= Waldorf Statement =

Press release by MPAA President Eric Johnston (1947)

The Waldorf Statement was a two-page press release issued on 25 November 1947, by Eric Johnston, president of the Motion Picture Association of America, following a closed-door meeting by forty-eight motion picture company executives at New York City's Waldorf-Astoria Hotel. The Statement was a response to the contempt of Congress charges against the so-called "Hollywood Ten".

==Participants==
The names of the 48 men who attended the meeting at the Waldorf-Astoria Hotel were printed in the Motion Picture Herald and Daily Variety, the film industry's primary trade publications. The principal participants who formulated the Waldorf Statement included:
- Louis B. Mayer: Metro-Goldwyn-Mayer
- Harry Cohn: Columbia Pictures
- Spyros Skouras: 20th Century Fox
- Nicholas Schenck: Loews Theatres
- Barney Balaban: Paramount Pictures
- Samuel Goldwyn: Samuel Goldwyn Company
- Albert Warner: Warner Bros.
- William Goetz: Universal-International
- Eric Johnston: Association of Motion Picture Producers and Motion Picture Association of America
- Mendel Silberberg: lawyer for Association of Motion Picture Producers
- James F. Byrnes: former United States Secretary of State
- Dore Schary: RKO Pictures

==Text==

Members of the Association of Motion Picture Producers deplore the action of the 10 Hollywood men who have been cited for contempt by the House of Representatives. We do not desire to prejudge their legal rights, but their actions have been a disservice to their employers and have impaired their usefulness to the industry.
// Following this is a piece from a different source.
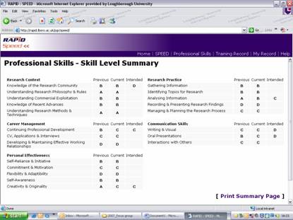 A button to press once a year to update your skills level summary page to monitor whether you actually achieved what you intended in the previous year. Take a print out of this to your supervisor or progression panel.

We will forthwith discharge or suspend without compensation those in our employ, and we will not re-employ any of the 10 until such time as he is acquitted or has purged himself of contempt and declares under oath that he is not a Communist.

On the broader issue of alleged subversive and disloyal elements in Hollywood, our members are likewise prepared to take positive action.

We will not knowingly employ a Communist or a member of any party or group which advocates the overthrow of the government of the United States by force or by any illegal or unconstitutional methods.

In pursuing this policy, we are not going to be swayed by hysteria or intimidation from any source. We are frank to recognize that such a policy involves danger and risks. There is the danger of hurting innocent people. There is the risk of creating an atmosphere of fear. Creative work at its best cannot be carried on in an atmosphere of fear. We will guard against this danger, this risk, this fear.

To this end we will invite the Hollywood talent guilds to work with us to eliminate any subversives: to protect the innocent; and to safeguard free speech and a free screen wherever threatened.

The absence of a national policy, established by Congress, with respect to the employment of Communists in private industry makes our task difficult. Ours is a nation of laws. We request Congress to enact legislation to assist American industry to rid itself of subversive, disloyal elements.

Nothing subversive or un-American has appeared on the screen, nor can any number of Hollywood investigations obscure the patriotic services of the 30,000 loyal Americans employed in Hollywood who have given our government invaluable aid to war and peace.